Work instruction » Please restate all of the records word for word, setting the pictures aside.

<<<<

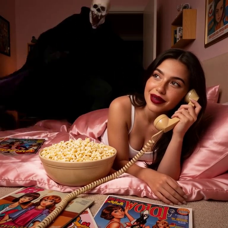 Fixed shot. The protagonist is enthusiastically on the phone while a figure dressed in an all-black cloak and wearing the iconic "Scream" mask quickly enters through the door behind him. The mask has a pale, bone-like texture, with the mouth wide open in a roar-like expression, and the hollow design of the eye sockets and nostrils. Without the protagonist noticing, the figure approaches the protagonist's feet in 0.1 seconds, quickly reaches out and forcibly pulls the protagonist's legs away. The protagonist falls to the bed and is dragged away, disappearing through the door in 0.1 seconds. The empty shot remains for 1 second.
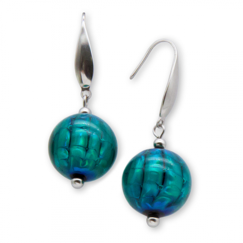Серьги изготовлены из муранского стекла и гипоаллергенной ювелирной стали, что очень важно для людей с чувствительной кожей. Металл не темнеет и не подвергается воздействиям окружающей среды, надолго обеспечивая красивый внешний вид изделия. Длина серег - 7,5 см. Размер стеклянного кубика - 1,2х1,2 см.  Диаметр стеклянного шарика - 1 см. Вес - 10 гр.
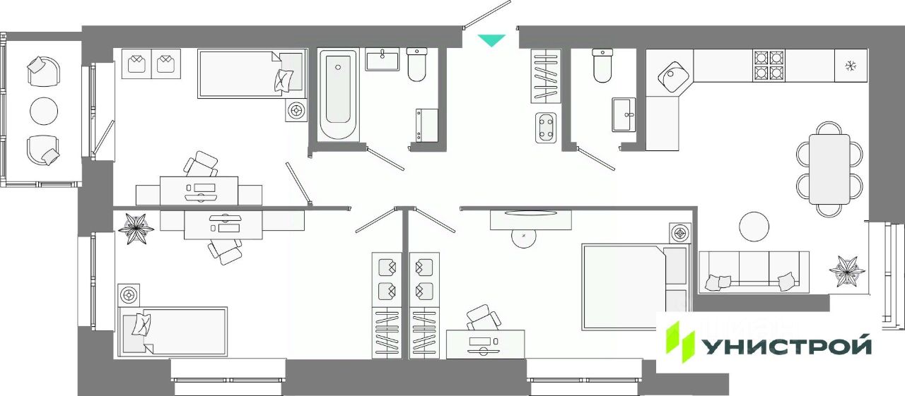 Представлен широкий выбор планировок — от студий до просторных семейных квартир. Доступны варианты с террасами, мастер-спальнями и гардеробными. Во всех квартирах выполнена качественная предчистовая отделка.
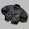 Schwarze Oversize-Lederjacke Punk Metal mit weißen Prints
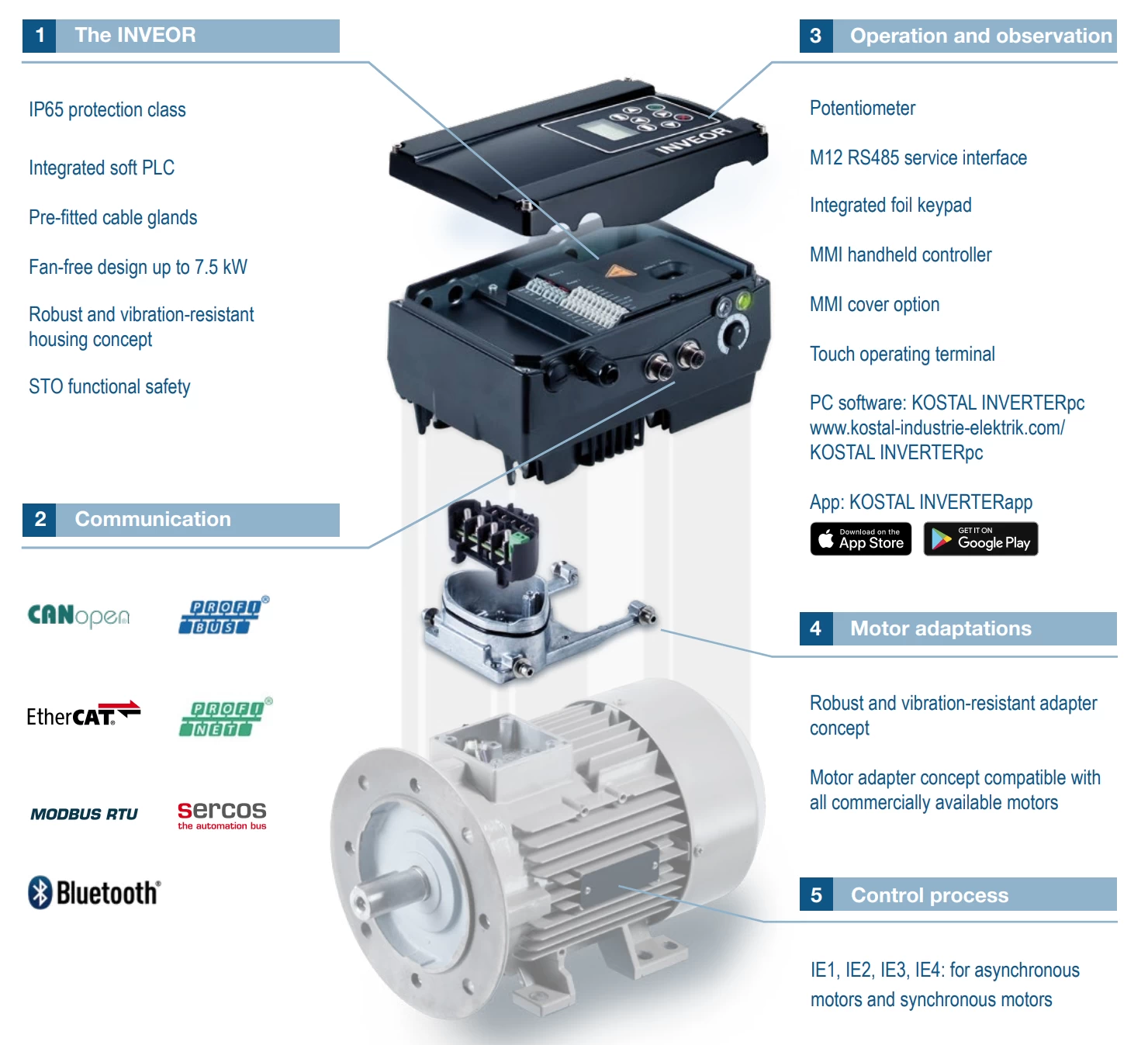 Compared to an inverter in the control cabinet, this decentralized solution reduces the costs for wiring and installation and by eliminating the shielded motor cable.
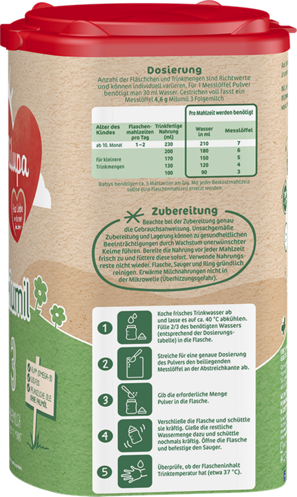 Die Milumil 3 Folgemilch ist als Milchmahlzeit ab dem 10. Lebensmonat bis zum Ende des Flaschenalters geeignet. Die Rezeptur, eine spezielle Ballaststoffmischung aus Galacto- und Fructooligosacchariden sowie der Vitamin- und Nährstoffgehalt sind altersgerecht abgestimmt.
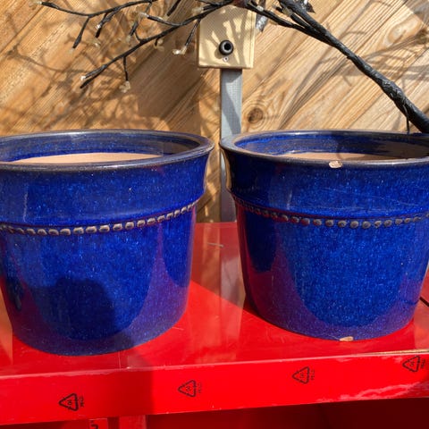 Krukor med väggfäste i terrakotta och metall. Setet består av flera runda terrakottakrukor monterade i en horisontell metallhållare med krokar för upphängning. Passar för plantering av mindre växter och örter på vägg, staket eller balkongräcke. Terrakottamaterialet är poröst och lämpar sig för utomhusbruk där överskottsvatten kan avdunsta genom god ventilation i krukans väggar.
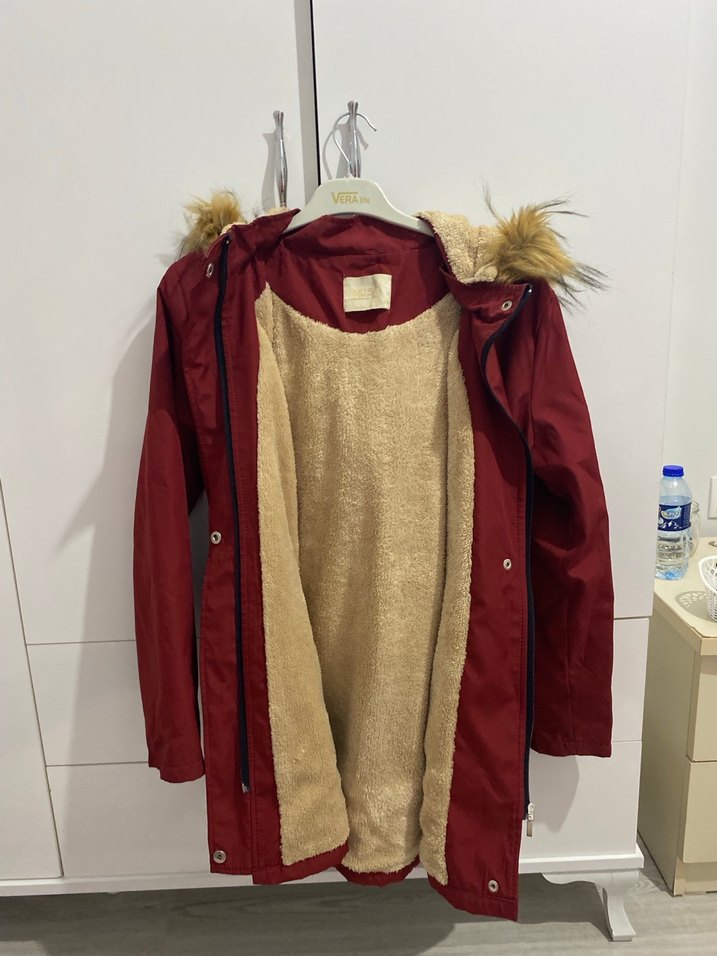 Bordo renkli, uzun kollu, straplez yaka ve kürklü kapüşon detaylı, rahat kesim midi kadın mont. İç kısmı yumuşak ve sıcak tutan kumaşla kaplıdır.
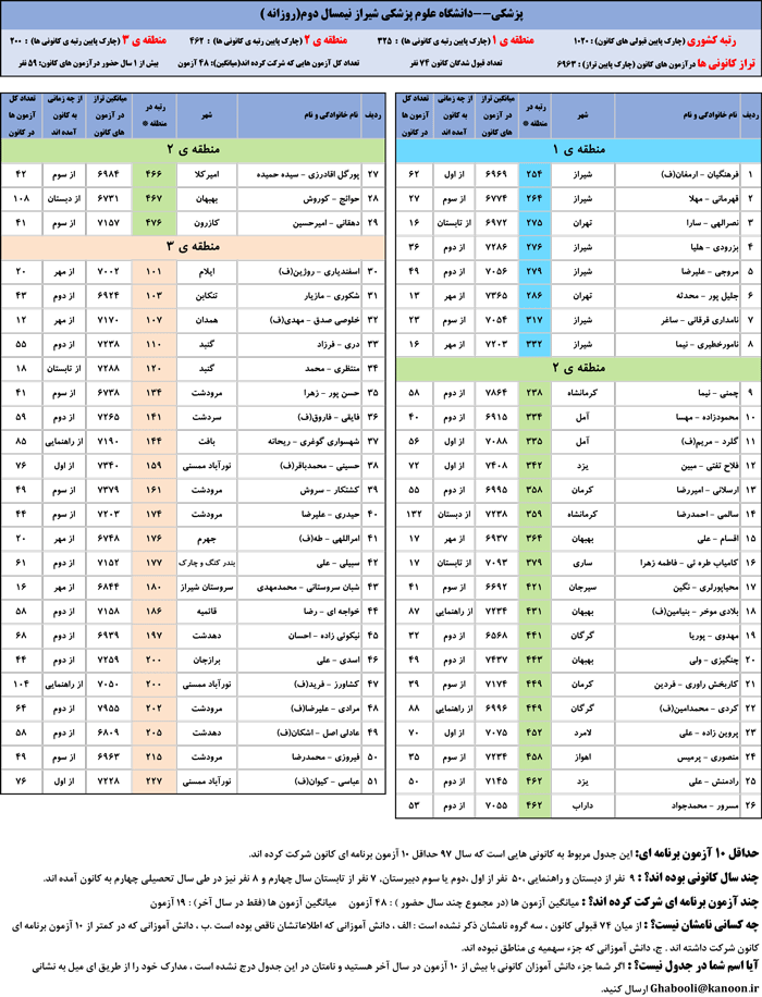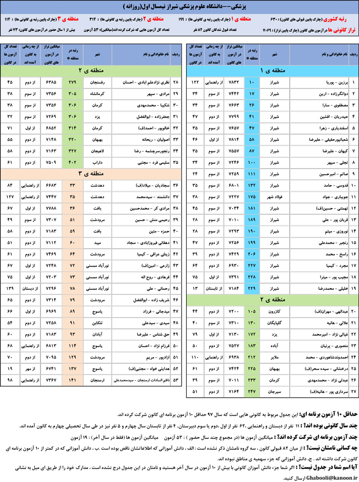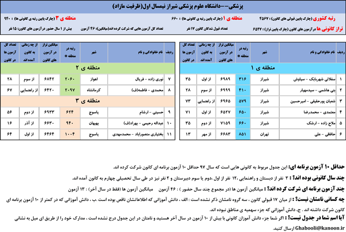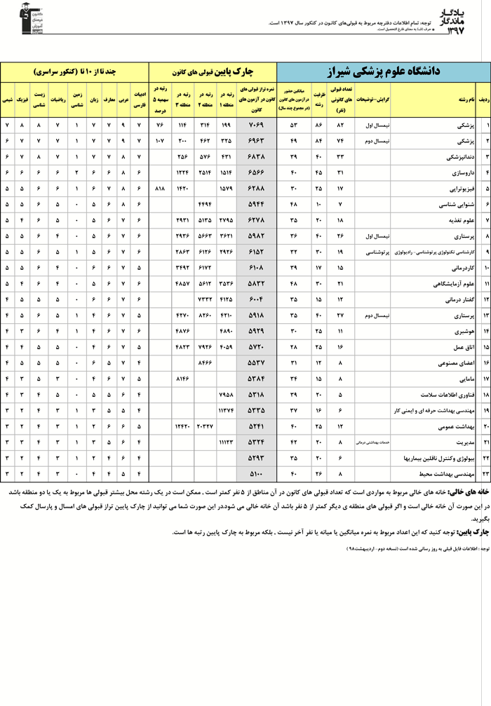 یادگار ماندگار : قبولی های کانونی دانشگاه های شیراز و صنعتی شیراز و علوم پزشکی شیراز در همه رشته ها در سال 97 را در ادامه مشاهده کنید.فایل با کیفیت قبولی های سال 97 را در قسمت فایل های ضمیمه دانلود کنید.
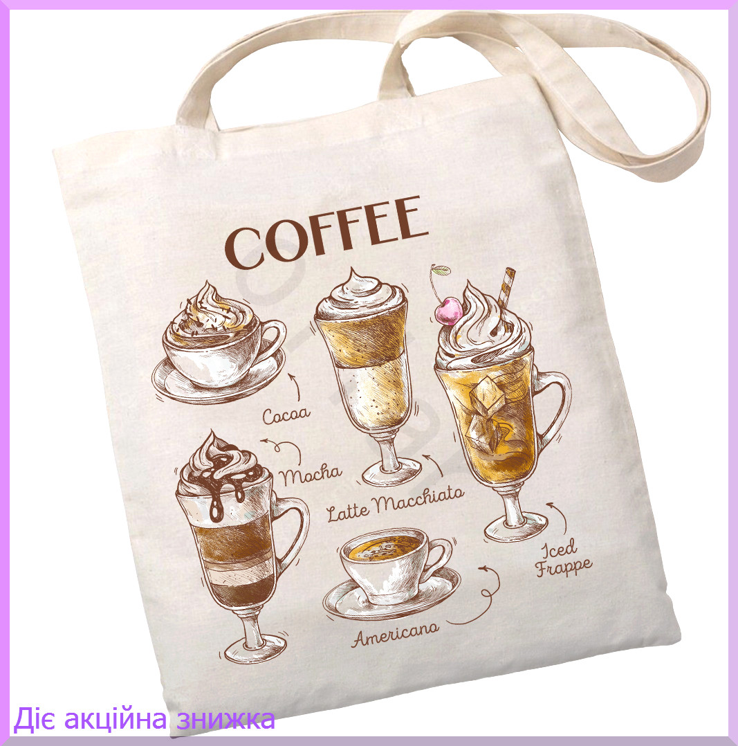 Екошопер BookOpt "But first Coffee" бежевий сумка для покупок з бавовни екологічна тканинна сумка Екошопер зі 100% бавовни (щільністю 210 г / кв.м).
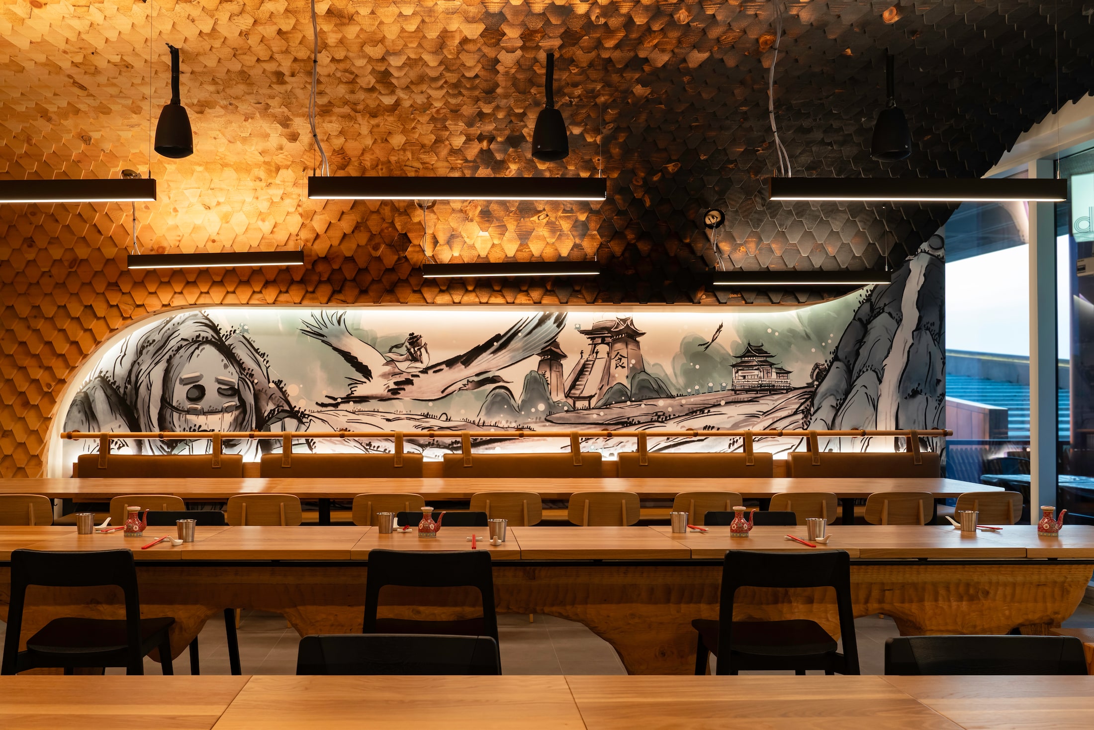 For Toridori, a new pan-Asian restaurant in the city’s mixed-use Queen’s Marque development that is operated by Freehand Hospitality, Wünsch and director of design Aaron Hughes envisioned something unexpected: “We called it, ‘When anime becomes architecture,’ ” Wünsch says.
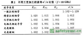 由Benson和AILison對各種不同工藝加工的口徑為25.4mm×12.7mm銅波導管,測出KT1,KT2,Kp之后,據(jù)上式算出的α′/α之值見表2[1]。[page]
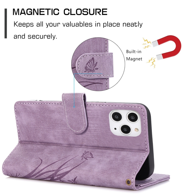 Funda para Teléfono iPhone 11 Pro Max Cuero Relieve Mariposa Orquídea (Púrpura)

>>>>

Answer to the problem »
 Fixed shot. The protagonist is enthusiastically on the phone while a figure dressed in an all-black cloak and wearing the iconic "Scream" mask quickly enters through the door behind him. The mask has a pale, bone-like texture, with the mouth wide open in a roar-like expression, and the hollow design of the eye sockets and nostrils. Without the protagonist noticing, the figure approaches the protagonist's feet in 0.1 seconds, quickly reaches out and forcibly pulls the protagonist's legs away. The protagonist falls to the bed and is dragged away, disappearing through the door in 0.1 seconds. The empty shot remains for 1 second.
Серьги изготовлены из муранского стекла и гипоаллергенной ювелирной стали, что очень важно для людей с чувствительной кожей. Металл не темнеет и не подвергается воздействиям окружающей среды, надолго обеспечивая красивый внешний вид изделия. Длина серег - 7,5 см. Размер стеклянного кубика - 1,2х1,2 см.  Диаметр стеклянного шарика - 1 см. Вес - 10 гр.
 Представлен широкий выбор планировок — от студий до просторных семейных квартир. Доступны варианты с террасами, мастер-спальнями и гардеробными. Во всех квартирах выполнена качественная предчистовая отделка.
 Schwarze Oversize-Lederjacke Punk Metal mit weißen Prints
 Compared to an inverter in the control cabinet, this decentralized solution reduces the costs for wiring and installation and by eliminating the shielded motor cable.
 Die Milumil 3 Folgemilch ist als Milchmahlzeit ab dem 10. Lebensmonat bis zum Ende des Flaschenalters geeignet. Die Rezeptur, eine spezielle Ballaststoffmischung aus Galacto- und Fructooligosacchariden sowie der Vitamin- und Nährstoffgehalt sind altersgerecht abgestimmt.
 Krukor med väggfäste i terrakotta och metall. Setet består av flera runda terrakottakrukor monterade i en horisontell metallhållare med krokar för upphängning. Passar för plantering av mindre växter och örter på vägg, staket eller balkongräcke. Terrakottamaterialet är poröst och lämpar sig för utomhusbruk där överskottsvatten kan avdunsta genom god ventilation i krukans väggar.
 Bordo renkli, uzun kollu, straplez yaka ve kürklü kapüşon detaylı, rahat kesim midi kadın mont. İç kısmı yumuşak ve sıcak tutan kumaşla kaplıdır.
 یادگار ماندگار : قبولی های کانونی دانشگاه های شیراز و صنعتی شیراز و علوم پزشکی شیراز در همه رشته ها در سال 97 را در ادامه مشاهده کنید.فایل با کیفیت قبولی های سال 97 را در قسمت فایل های ضمیمه دانلود کنید.
 Екошопер BookOpt "But first Coffee" бежевий сумка для покупок з бавовни екологічна тканинна сумка Екошопер зі 100% бавовни (щільністю 210 г / кв.м).
 For Toridori, a new pan-Asian restaurant in the city’s mixed-use Queen’s Marque development that is operated by Freehand Hospitality, Wünsch and director of design Aaron Hughes envisioned something unexpected: “We called it, ‘When anime becomes architecture,’ ” Wünsch says.
 由Benson和AILison對各種不同工藝加工的口徑為25.4mm×12.7mm銅波導管,測出KT1,KT2,Kp之后,據(jù)上式算出的α′/α之值見表2[1]。[page]
 Funda para Teléfono iPhone 11 Pro Max Cuero Relieve Mariposa Orquídea (Púrpura)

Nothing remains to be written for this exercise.